Your output should be the lines below from the one holding "Franschhoek, Western Cape, South" through the one holding "এস.এস.সি নির্বাচনি ও", transcribed exactly, with no pictures.

——————

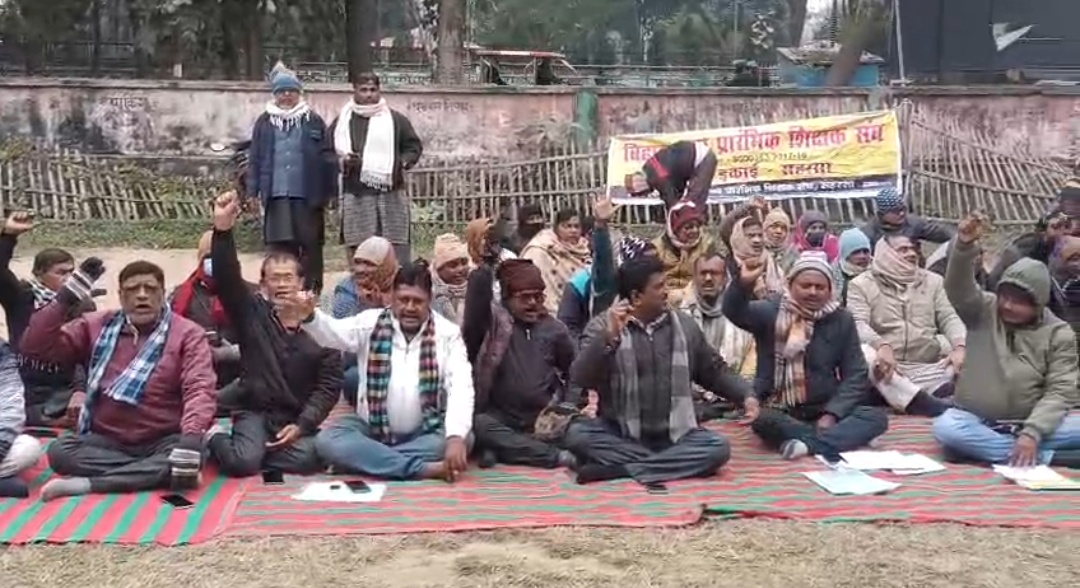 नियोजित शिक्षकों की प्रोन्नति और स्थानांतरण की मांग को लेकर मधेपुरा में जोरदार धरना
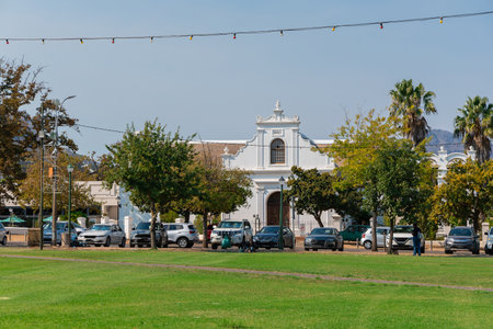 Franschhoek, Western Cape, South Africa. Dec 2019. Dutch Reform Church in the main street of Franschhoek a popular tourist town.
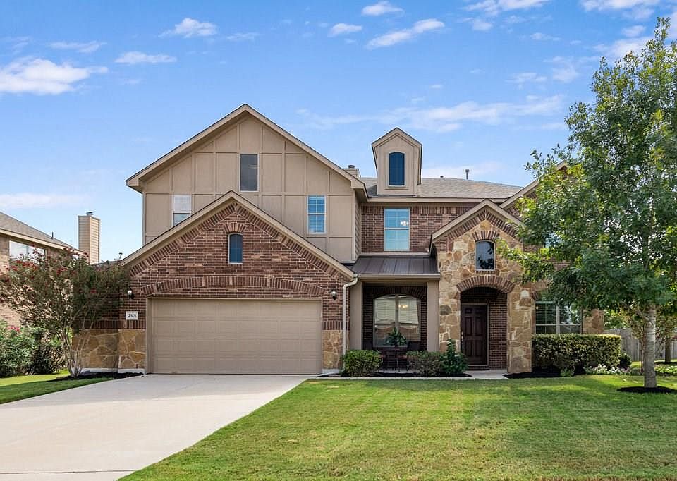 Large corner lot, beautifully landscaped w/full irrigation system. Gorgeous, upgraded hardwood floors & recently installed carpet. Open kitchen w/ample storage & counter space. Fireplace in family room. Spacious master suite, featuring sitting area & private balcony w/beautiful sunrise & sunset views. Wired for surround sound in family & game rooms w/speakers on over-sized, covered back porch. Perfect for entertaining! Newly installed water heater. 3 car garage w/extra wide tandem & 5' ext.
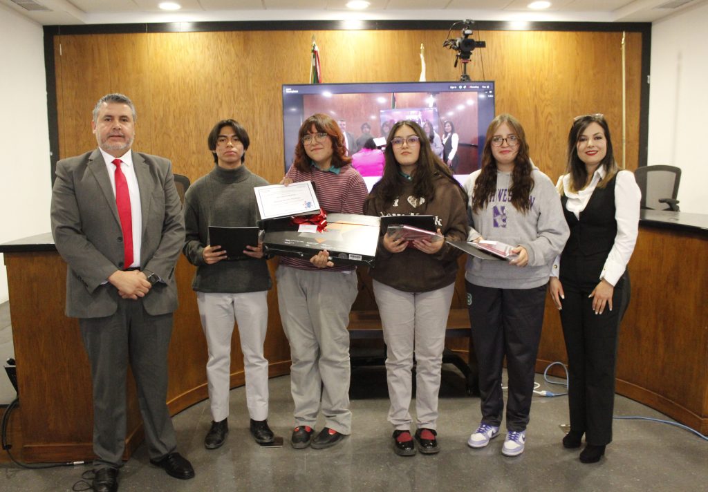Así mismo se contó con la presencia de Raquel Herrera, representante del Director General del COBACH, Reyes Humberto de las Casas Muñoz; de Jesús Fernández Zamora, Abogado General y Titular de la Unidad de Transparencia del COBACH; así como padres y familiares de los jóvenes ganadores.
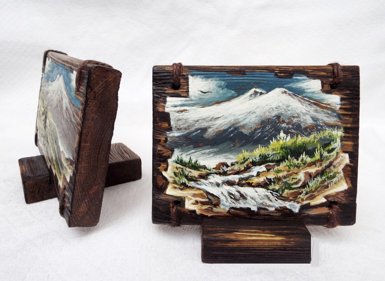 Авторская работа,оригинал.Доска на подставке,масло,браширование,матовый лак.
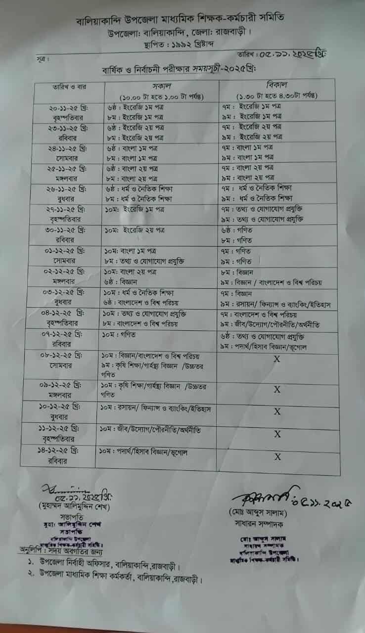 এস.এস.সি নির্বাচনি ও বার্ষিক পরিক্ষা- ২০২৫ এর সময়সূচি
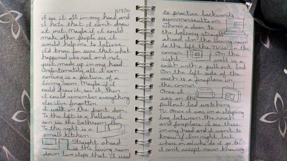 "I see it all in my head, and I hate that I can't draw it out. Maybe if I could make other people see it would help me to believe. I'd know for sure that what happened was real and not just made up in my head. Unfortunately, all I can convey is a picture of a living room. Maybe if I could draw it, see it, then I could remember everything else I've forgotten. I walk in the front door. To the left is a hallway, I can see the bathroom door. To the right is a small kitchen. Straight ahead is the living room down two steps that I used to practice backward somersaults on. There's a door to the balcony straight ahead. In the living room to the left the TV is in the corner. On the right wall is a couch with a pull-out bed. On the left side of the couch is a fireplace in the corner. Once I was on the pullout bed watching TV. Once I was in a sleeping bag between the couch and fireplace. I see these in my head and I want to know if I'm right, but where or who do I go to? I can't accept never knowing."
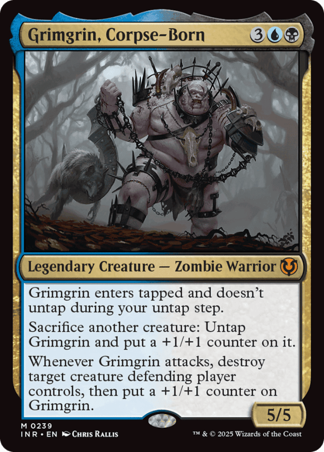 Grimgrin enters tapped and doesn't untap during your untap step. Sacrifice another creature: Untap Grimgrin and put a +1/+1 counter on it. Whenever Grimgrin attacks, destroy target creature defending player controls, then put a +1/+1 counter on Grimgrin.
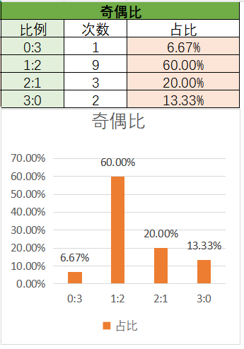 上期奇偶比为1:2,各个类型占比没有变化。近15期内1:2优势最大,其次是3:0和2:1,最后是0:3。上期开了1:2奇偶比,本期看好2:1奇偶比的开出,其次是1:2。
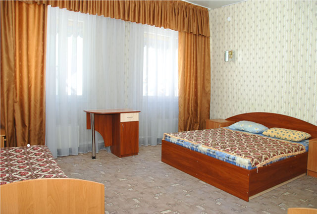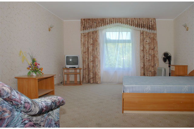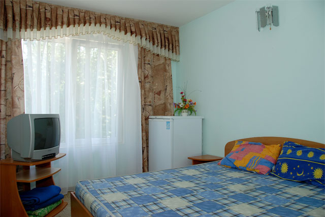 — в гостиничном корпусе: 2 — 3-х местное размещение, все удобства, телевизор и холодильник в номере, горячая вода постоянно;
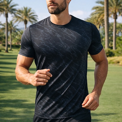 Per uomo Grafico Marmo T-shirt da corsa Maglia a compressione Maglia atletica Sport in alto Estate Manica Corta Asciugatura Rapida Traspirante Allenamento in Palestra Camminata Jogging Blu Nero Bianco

——————

▸ **Task solution**
 Franschhoek, Western Cape, South Africa. Dec 2019. Dutch Reform Church in the main street of Franschhoek a popular tourist town.
 Large corner lot, beautifully landscaped w/full irrigation system. Gorgeous, upgraded hardwood floors & recently installed carpet. Open kitchen w/ample storage & counter space. Fireplace in family room. Spacious master suite, featuring sitting area & private balcony w/beautiful sunrise & sunset views. Wired for surround sound in family & game rooms w/speakers on over-sized, covered back porch. Perfect for entertaining! Newly installed water heater. 3 car garage w/extra wide tandem & 5' ext.
Así mismo se contó con la presencia de Raquel Herrera, representante del Director General del COBACH, Reyes Humberto de las Casas Muñoz; de Jesús Fernández Zamora, Abogado General y Titular de la Unidad de Transparencia del COBACH; así como padres y familiares de los jóvenes ganadores.
 Авторская работа,оригинал.Доска на подставке,масло,браширование,матовый лак.
 এস.এস.সি নির্বাচনি ও বার্ষিক পরিক্ষা- ২০২৫ এর সময়সূচি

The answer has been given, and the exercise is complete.